About this exercise — Exact copy, no pictures: return all the data below as written.

Extracted data entries:
• • • • • • •
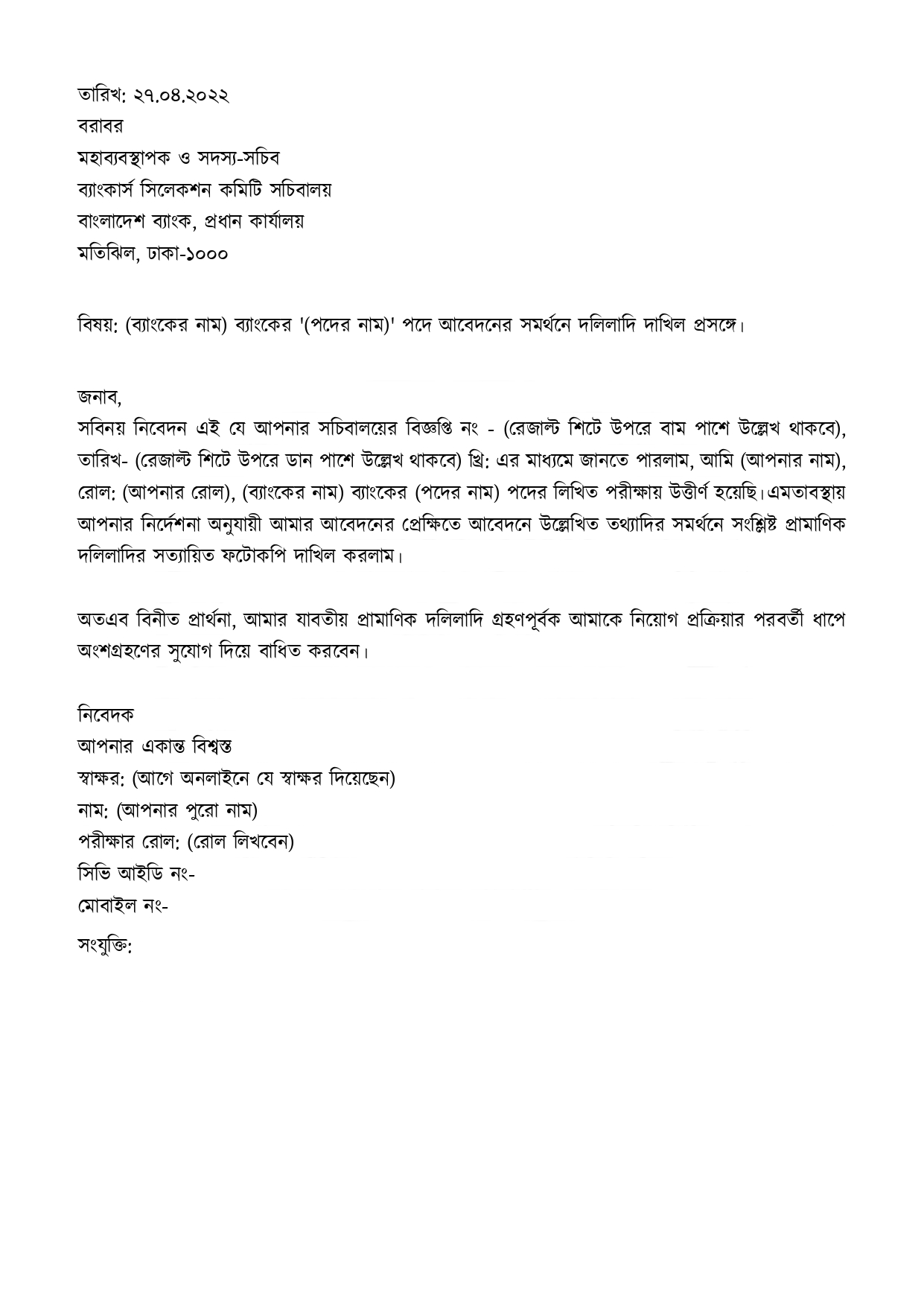 ব্যাংকার্স সিলেকশন কমিটি সচিবালয়ের মৌখিক পরীক্ষায় "পরিচালক (BSCS) ও সদস্য-সচিব, ব্যাংকার্স সিলেকশন কমিটি সচিবালয়, বাংলাদেশ ব্যাংক, প্রধান কার্যালয়, ঢাকা" বরাবর প্রার্থীর নিজ স্বাক্ষরযুক্ত স্বহস্তে লিখিত আবেদনপত্রের নমুনা।
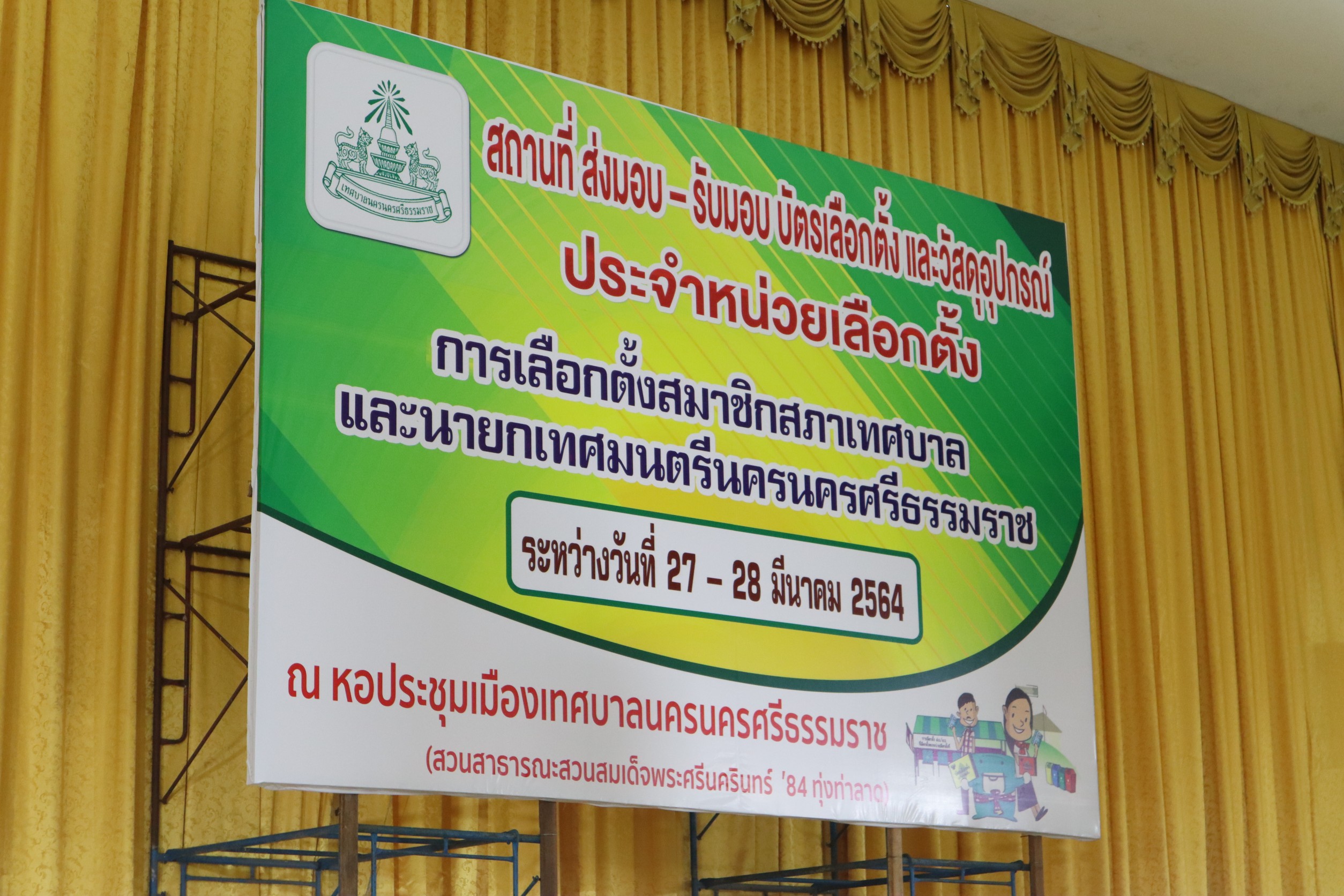 วันเสาร์ที่ 27 มีนาคม 2564 เวลา 09.00-12.00 น.เทศบาลนครนครศรีธรรมราช ภายใต้การนำของ นายชาคร ไอยศูรย์ปลัดเทศบาล ปฏิบัติหน้าที่นายกเทศมนตรีนครนครศรีธรรมราช และในตำแหน่งผู้อำนวยการการเลือกตั้งประจำเทศบาลนครนครศรีธรรมราช โดยศูนย์ประสานงานการเลือกตั้งประจำเทศบาลนครนครศรีธรรมราช ส่งมอบ บัตรเลือกตั้ง และวัสดุอุปกรณ์ ประจำหน่วยเลือกตั้ง ซึ่งในช่วงเช้า ดำเนินการส่งมอบจำนวน 2 เขตเลือกตั้ง ได้แก่เขตเลือกตั้งที่1 จำนวน 29 หน่วย และเขตเลือกตั้งที่2 จำนวน 30 หน่วย ณ หอประชุมเมืองเทศบาลนครนครศรีธรรมราช (สวนสมเด็จพระศรีนครินทร์ 84'ทุ่งท่าลาด) เป็นไปด้วยความเรียบร้อย
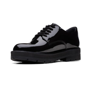 The Prague Lace youth shoe is a girls school shoe in black patent from Clarks. Featuring black patent upper and sporting a chunky rubber sole that is durable. Fastened with laces for a secure fit and lined with a comfortable foam textile footbed. These are the perfect youth school shoes!
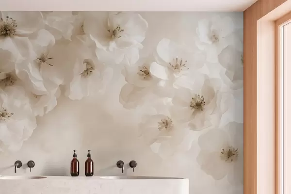 Zidne murale Nježni veliki cvjetovi, nijanse bež boje br. w03931v2
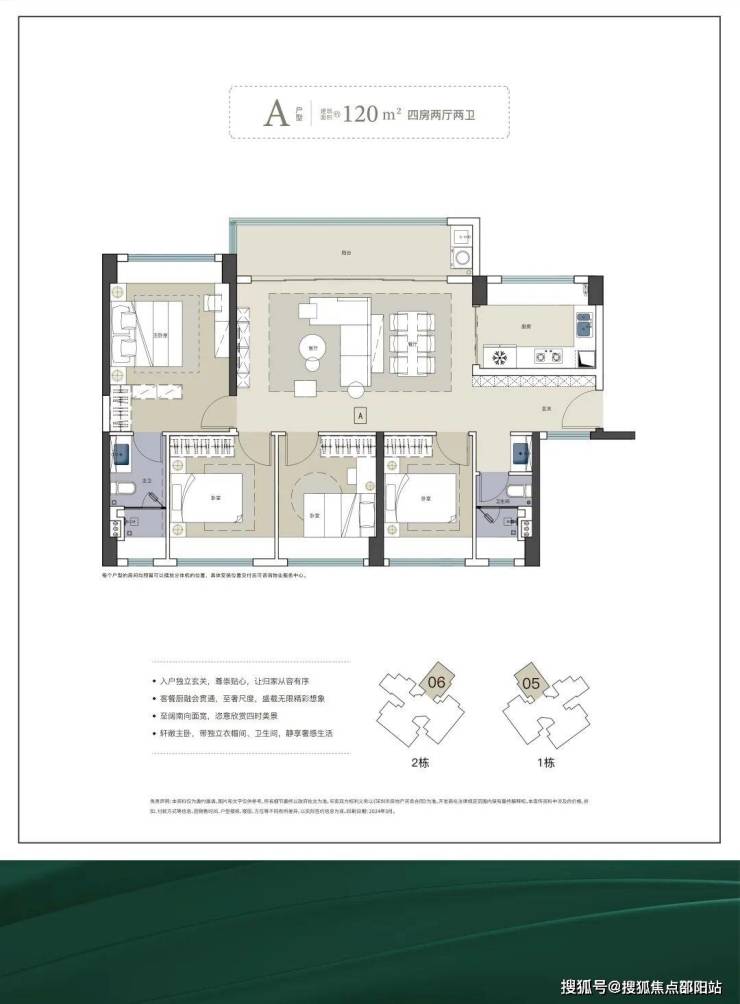 115㎡四房两卫:总价518万起,楼王级配置。横厅设计,客餐厅开间6.2米,南北双阳台,主卧20㎡套房带独立衣帽间,得房率80%。
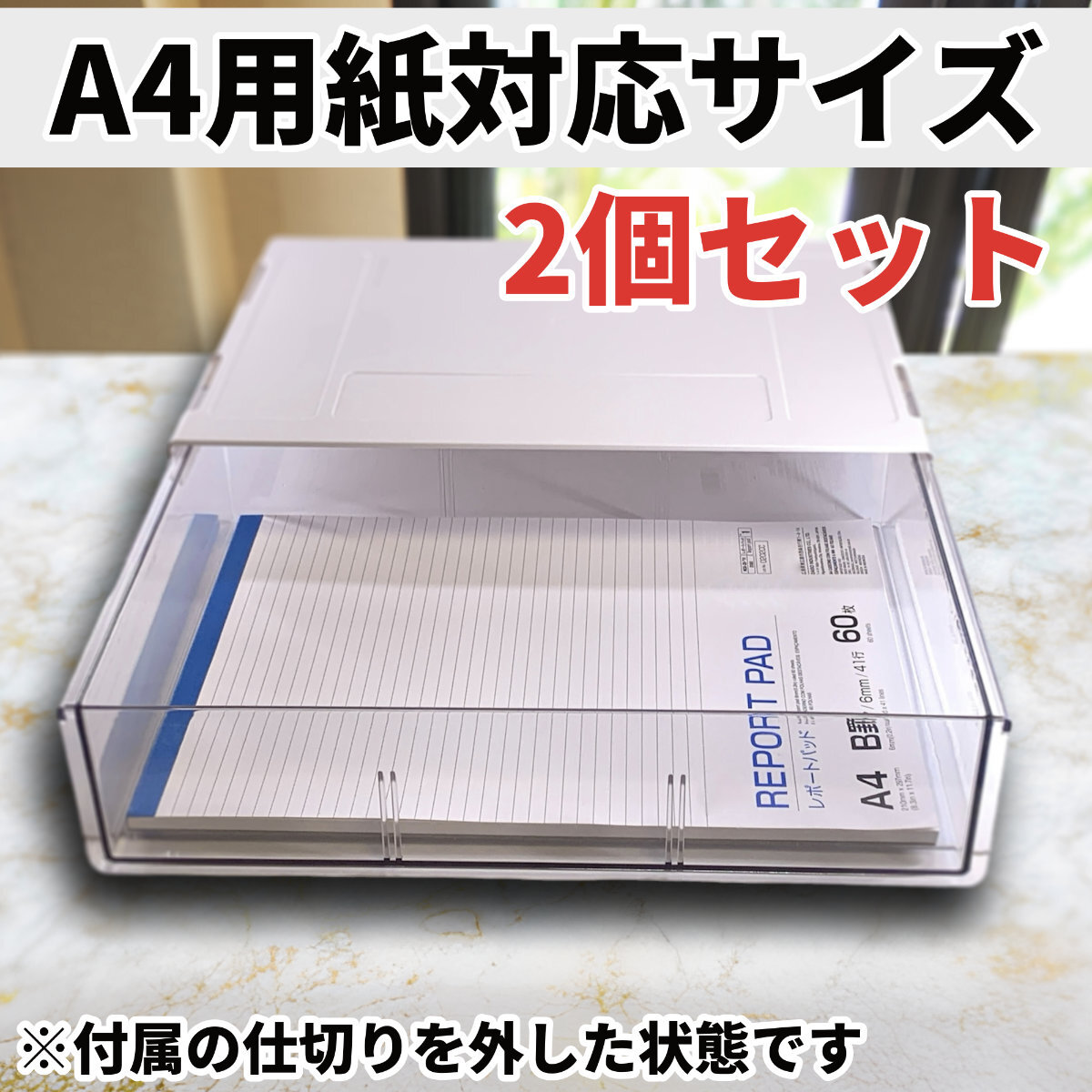 - 後付け引き出し 2個セット A4サイズ対応 仕切り付きタイプ 透明 デスク下収納
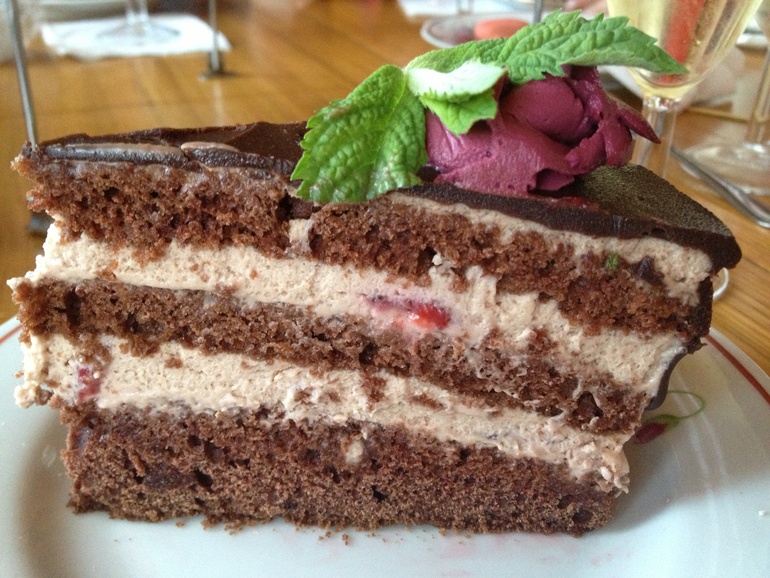 Шоколадный торт с клубникой и мятой
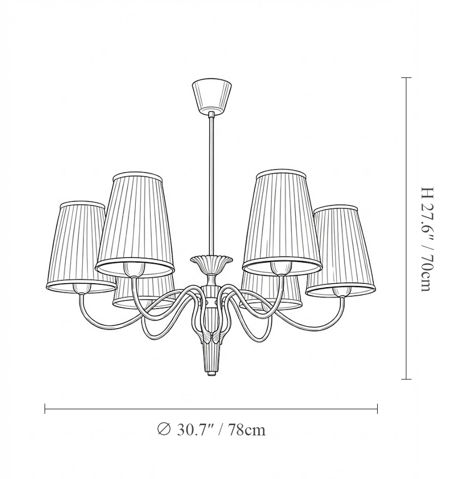 Inspired by Scandinavian lighting from the 1950s, this chandelier combines solid oak accents, refined ironwork, and softly pleated fabric shades. The warm, diffused glow creates a calm and inviting atmosphere without overwhelming the space.
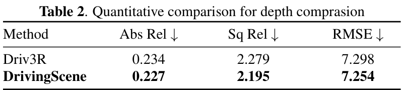 LPIPS达0.113(越低越好),虽略高于Driv3R(0.084),但综合PSNR、SSIM仍体现更优的渲染保真度。
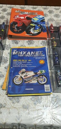 Πωλείται η συλλογή της σειράς Οι Μηχανές των Πρωταθλητών. Η μηχανές είναι σε άριστη κατάσταση χωρίς ίχνος φθοράς στης θήκες τους. Η Σειρά είναι πλήρης 41 μινιατούρες + 3 Bonus. Η συλλογή ΔΕΝ σπάει. Αποστολή πανελλαδικά είτε με μεταφορική εταιρία είτε με ΕΛΤΑ. Υπάρχει και η δυνατότητα της παραλαβής στο χώρο μου έξω από τη Χαλκίδα. Έξοδα αποστολής βαραίνουν τον παραλήπτη ή τιμή είναι τελική. Πληρωμή κατόπιν κατάθεσης σε τραπεζικό λογαριασμό η μέσω IRIS.
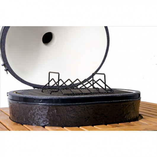 С помощью этой большой V-образной решетки вы сможете коптить в керамическом гриле Primo до 6 ребрышек одновременно — они получаются необыкновенно сочными и нежными. А в перевернутом виде решетка особенно удобна для приготовления больших кусков мяса и птицы.
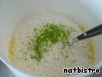 Добавить кокосовую стружку, растопленное сливочное масло, цедру лайма и ликер. Оставить смесь на 10 минут, чтобы кокосовая стружка немного набухла.
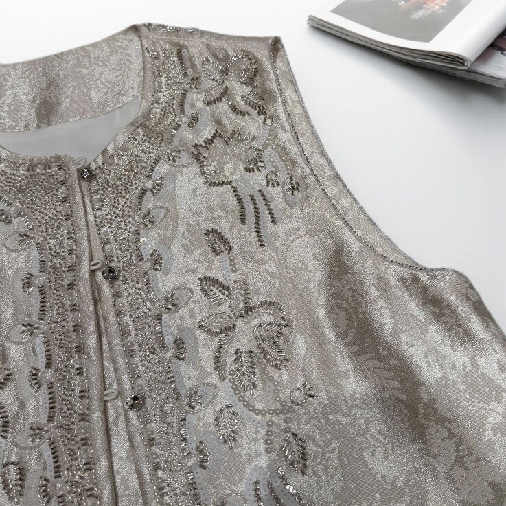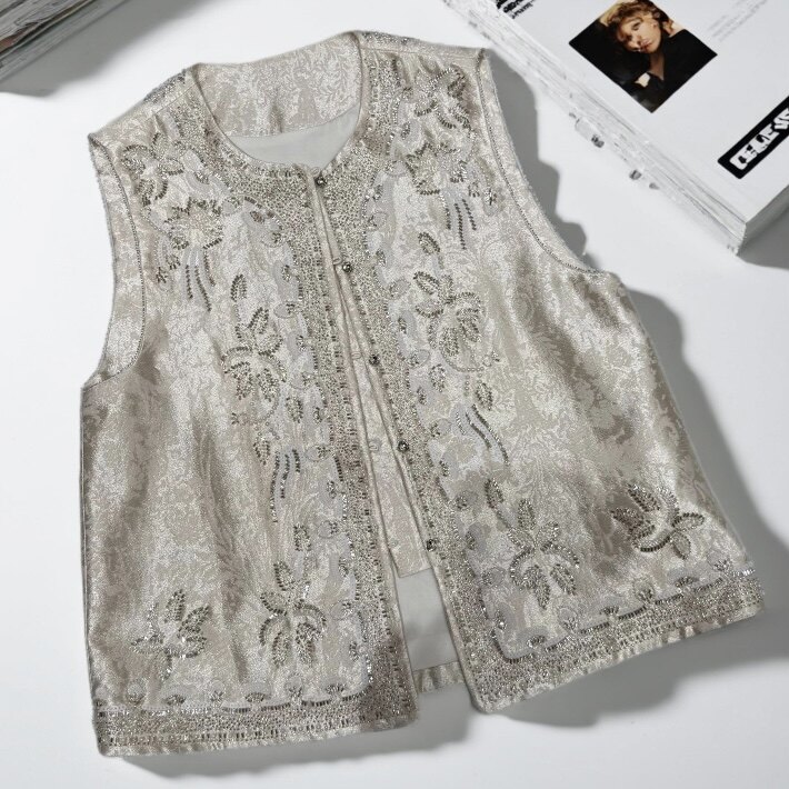 云禾锦新春款重工钉珠提花刺绣亮片女新中式国风奢华高奢马甲上衣
• • • • • • •
Response below —
 ব্যাংকার্স সিলেকশন কমিটি সচিবালয়ের মৌখিক পরীক্ষায় "পরিচালক (BSCS) ও সদস্য-সচিব, ব্যাংকার্স সিলেকশন কমিটি সচিবালয়, বাংলাদেশ ব্যাংক, প্রধান কার্যালয়, ঢাকা" বরাবর প্রার্থীর নিজ স্বাক্ষরযুক্ত স্বহস্তে লিখিত আবেদনপত্রের নমুনা।
 วันเสาร์ที่ 27 มีนาคม 2564 เวลา 09.00-12.00 น.เทศบาลนครนครศรีธรรมราช ภายใต้การนำของ นายชาคร ไอยศูรย์ปลัดเทศบาล ปฏิบัติหน้าที่นายกเทศมนตรีนครนครศรีธรรมราช และในตำแหน่งผู้อำนวยการการเลือกตั้งประจำเทศบาลนครนครศรีธรรมราช โดยศูนย์ประสานงานการเลือกตั้งประจำเทศบาลนครนครศรีธรรมราช ส่งมอบ บัตรเลือกตั้ง และวัสดุอุปกรณ์ ประจำหน่วยเลือกตั้ง ซึ่งในช่วงเช้า ดำเนินการส่งมอบจำนวน 2 เขตเลือกตั้ง ได้แก่เขตเลือกตั้งที่1 จำนวน 29 หน่วย และเขตเลือกตั้งที่2 จำนวน 30 หน่วย ณ หอประชุมเมืองเทศบาลนครนครศรีธรรมราช (สวนสมเด็จพระศรีนครินทร์ 84'ทุ่งท่าลาด) เป็นไปด้วยความเรียบร้อย
 The Prague Lace youth shoe is a girls school shoe in black patent from Clarks. Featuring black patent upper and sporting a chunky rubber sole that is durable. Fastened with laces for a secure fit and lined with a comfortable foam textile footbed. These are the perfect youth school shoes!
 Zidne murale Nježni veliki cvjetovi, nijanse bež boje br. w03931v2
 115㎡四房两卫:总价518万起,楼王级配置。横厅设计,客餐厅开间6.2米,南北双阳台,主卧20㎡套房带独立衣帽间,得房率80%。
 - 後付け引き出し 2個セット A4サイズ対応 仕切り付きタイプ 透明 デスク下収納
 Шоколадный торт с клубникой и мятой
 Inspired by Scandinavian lighting from the 1950s, this chandelier combines solid oak accents, refined ironwork, and softly pleated fabric shades. The warm, diffused glow creates a calm and inviting atmosphere without overwhelming the space.
 LPIPS达0.113(越低越好),虽略高于Driv3R(0.084),但综合PSNR、SSIM仍体现更优的渲染保真度。
 Πωλείται η συλλογή της σειράς Οι Μηχανές των Πρωταθλητών. Η μηχανές είναι σε άριστη κατάσταση χωρίς ίχνος φθοράς στης θήκες τους. Η Σειρά είναι πλήρης 41 μινιατούρες + 3 Bonus. Η συλλογή ΔΕΝ σπάει. Αποστολή πανελλαδικά είτε με μεταφορική εταιρία είτε με ΕΛΤΑ. Υπάρχει και η δυνατότητα της παραλαβής στο χώρο μου έξω από τη Χαλκίδα. Έξοδα αποστολής βαραίνουν τον παραλήπτη ή τιμή είναι τελική. Πληρωμή κατόπιν κατάθεσης σε τραπεζικό λογαριασμό η μέσω IRIS.
 С помощью этой большой V-образной решетки вы сможете коптить в керамическом гриле Primo до 6 ребрышек одновременно — они получаются необыкновенно сочными и нежными. А в перевернутом виде решетка особенно удобна для приготовления больших кусков мяса и птицы.
 Добавить кокосовую стружку, растопленное сливочное масло, цедру лайма и ликер. Оставить смесь на 10 минут, чтобы кокосовая стружка немного набухла.
 云禾锦新春款重工钉珠提花刺绣亮片女新中式国风奢华高奢马甲上衣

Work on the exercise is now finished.